Here is yet another example (with a wrapper function):

 walk_eval(20, 
	sub { OOPS->new(...) },
	sub { my $oops = shift; $oops->{my_table} },
	sub { 
		my ($oops, $thing) = @_;
		# do stuff
	},
	allatonce => 0
 );

 sub walk_eval
 {
	my ($stride, $get_oops, $get_hash, $agent, %opts) = @_;
	my $done = 0;
	my $last = undef;
	$stride ||= 100;
	while (! $done) {
		transaction(sub {
			my $oops = &$get_oops();
			my $hash = &$get_hash($oops);
			my @items = walk_hash(%$hash, $stride, $last);
			if ($opts{allatonce}) {
				&$agent($oops, @items);
			} else {
				for my $item (@items) {
					&$agent($oops, $item);
				}
			}
			$oops->commit();
			$last = $items[$#items];
			$done = 1 unless @items == $stride;
		});
	}
 }

=back

=head1 PUBLIC CLASS METHODS

=over 4

=item C<OOPS-E<gt>new(%parameters)>

Creates a OOPS object instance.  More than one object instance is allowed at 
the same time.	Instances are unaware of each other.  Making a reference from
a persistent object in one instance to a persistent object in another instance
will cause recursive copying from one instance to the other.  (Untested).

The C<%parameters> are documented in the next section.

=item C<OOPS-E<gt>initial_setup(%parameters)>

Drops and recreates the database tables.  Don't use it too often :-)
The regression suite drops and re-creates the tables many times.  

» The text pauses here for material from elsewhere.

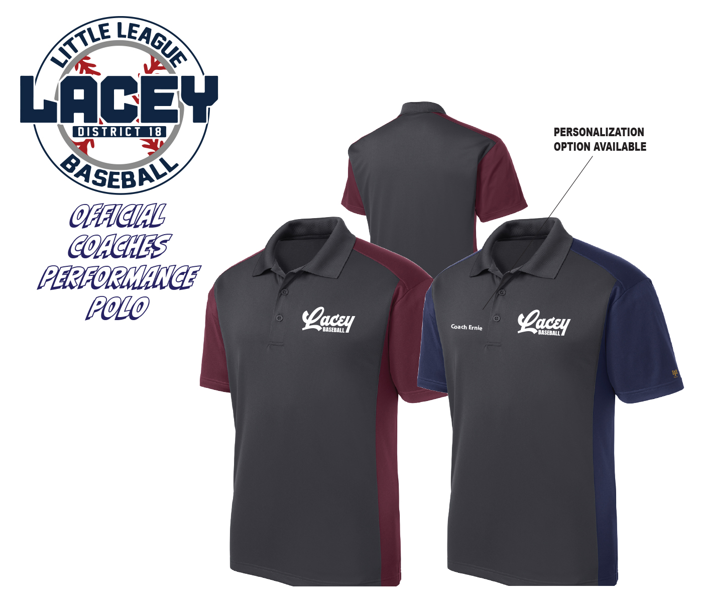 Introducing the Lacey Little League Official Embroidered Coaches Polo Shirt made exclusively for the Nailers Membership by PACER. Smooth, snag-resistant and moisture-wicking material adorned with the Official Lacey Baseball Wordmark Embroidery on the Front Left Chest.

The C<%parameters> are documented in the next section.

=back

=head1 PARAMETERS FOR NEW

The C<new()> and C<initial_setup()> methods take a hash specification
for their behavior.  Here are the parameters allowed:

=over 4

=item C<dbi_dsn> / C<$ENV{OOPS_DSN}> / C<$ENV{OOPS_DRIVER}> / C<$ENV{DBI_DSN}> / C<$ENV{DBI_DRIVER>

Many ways to specify the DSN for DBI: as an argument; as an
OOPS environment variable; as a DBI environment variable.  Use
at least one :-)  See the L<DBI> documentation for more details.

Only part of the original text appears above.